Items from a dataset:
┌──

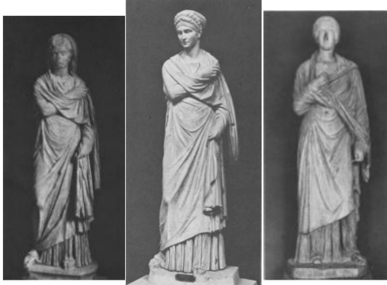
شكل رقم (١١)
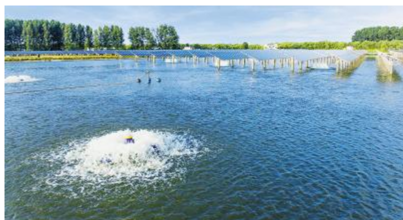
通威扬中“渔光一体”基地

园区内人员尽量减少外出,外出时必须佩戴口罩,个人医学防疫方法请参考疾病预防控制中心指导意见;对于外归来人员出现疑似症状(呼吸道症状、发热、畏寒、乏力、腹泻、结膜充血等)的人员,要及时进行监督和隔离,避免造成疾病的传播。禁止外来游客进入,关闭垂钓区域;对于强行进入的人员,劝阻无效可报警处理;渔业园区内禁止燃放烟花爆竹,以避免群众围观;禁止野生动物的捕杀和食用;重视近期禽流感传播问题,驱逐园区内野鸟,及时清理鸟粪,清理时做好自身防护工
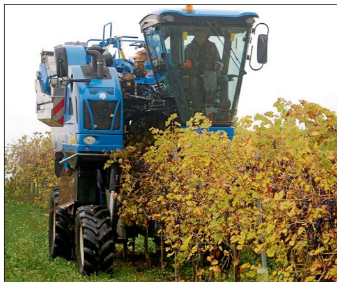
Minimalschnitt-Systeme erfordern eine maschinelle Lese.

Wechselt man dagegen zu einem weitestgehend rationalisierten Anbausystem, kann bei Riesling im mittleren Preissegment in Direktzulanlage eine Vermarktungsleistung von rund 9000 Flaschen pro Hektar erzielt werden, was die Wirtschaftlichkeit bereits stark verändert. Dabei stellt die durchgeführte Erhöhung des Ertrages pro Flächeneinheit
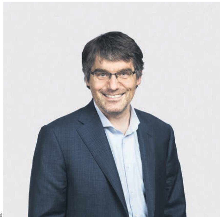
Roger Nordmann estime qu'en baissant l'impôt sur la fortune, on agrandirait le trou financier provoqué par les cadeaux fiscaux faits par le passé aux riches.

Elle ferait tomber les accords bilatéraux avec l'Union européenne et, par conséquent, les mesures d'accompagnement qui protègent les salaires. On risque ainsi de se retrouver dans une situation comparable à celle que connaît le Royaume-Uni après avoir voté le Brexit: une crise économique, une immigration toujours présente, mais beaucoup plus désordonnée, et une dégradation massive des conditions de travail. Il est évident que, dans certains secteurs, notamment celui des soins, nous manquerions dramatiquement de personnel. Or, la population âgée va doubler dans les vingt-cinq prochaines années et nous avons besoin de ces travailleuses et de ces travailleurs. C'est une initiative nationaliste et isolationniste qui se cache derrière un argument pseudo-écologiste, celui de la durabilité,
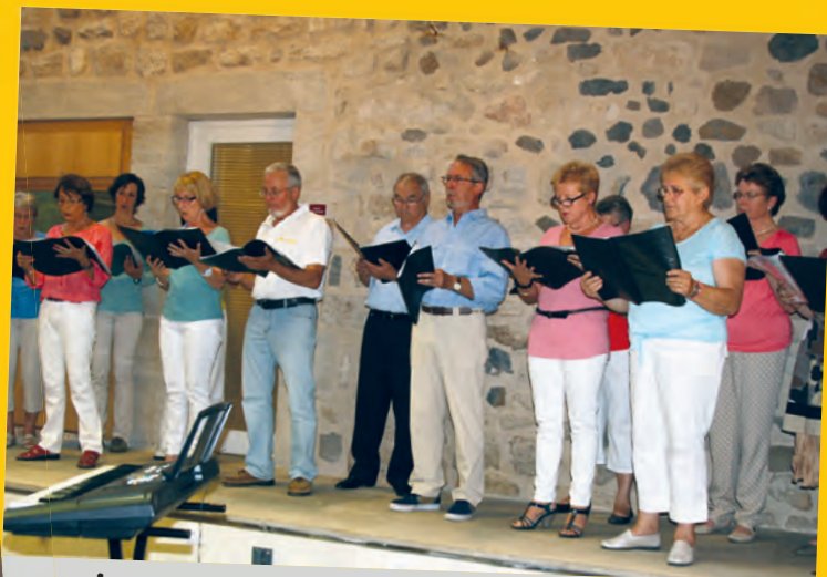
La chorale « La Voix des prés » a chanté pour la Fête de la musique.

└──

Work instructions: The pictures stay out; copy the rest of the data word for word.

Response below:
شكل رقم (١١)
通威扬中“渔光一体”基地

园区内人员尽量减少外出,外出时必须佩戴口罩,个人医学防疫方法请参考疾病预防控制中心指导意见;对于外归来人员出现疑似症状(呼吸道症状、发热、畏寒、乏力、腹泻、结膜充血等)的人员,要及时进行监督和隔离,避免造成疾病的传播。禁止外来游客进入,关闭垂钓区域;对于强行进入的人员,劝阻无效可报警处理;渔业园区内禁止燃放烟花爆竹,以避免群众围观;禁止野生动物的捕杀和食用;重视近期禽流感传播问题,驱逐园区内野鸟,及时清理鸟粪,清理时做好自身防护工
Minimalschnitt-Systeme erfordern eine maschinelle Lese.

Wechselt man dagegen zu einem weitestgehend rationalisierten Anbausystem, kann bei Riesling im mittleren Preissegment in Direktzulanlage eine Vermarktungsleistung von rund 9000 Flaschen pro Hektar erzielt werden, was die Wirtschaftlichkeit bereits stark verändert. Dabei stellt die durchgeführte Erhöhung des Ertrages pro Flächeneinheit
Roger Nordmann estime qu'en baissant l'impôt sur la fortune, on agrandirait le trou financier provoqué par les cadeaux fiscaux faits par le passé aux riches.

Elle ferait tomber les accords bilatéraux avec l'Union européenne et, par conséquent, les mesures d'accompagnement qui protègent les salaires. On risque ainsi de se retrouver dans une situation comparable à celle que connaît le Royaume-Uni après avoir voté le Brexit: une crise économique, une immigration toujours présente, mais beaucoup plus désordonnée, et une dégradation massive des conditions de travail. Il est évident que, dans certains secteurs, notamment celui des soins, nous manquerions dramatiquement de personnel. Or, la population âgée va doubler dans les vingt-cinq prochaines années et nous avons besoin de ces travailleuses et de ces travailleurs. C'est une initiative nationaliste et isolationniste qui se cache derrière un argument pseudo-écologiste, celui de la durabilité,
La chorale « La Voix des prés » a chanté pour la Fête de la musique.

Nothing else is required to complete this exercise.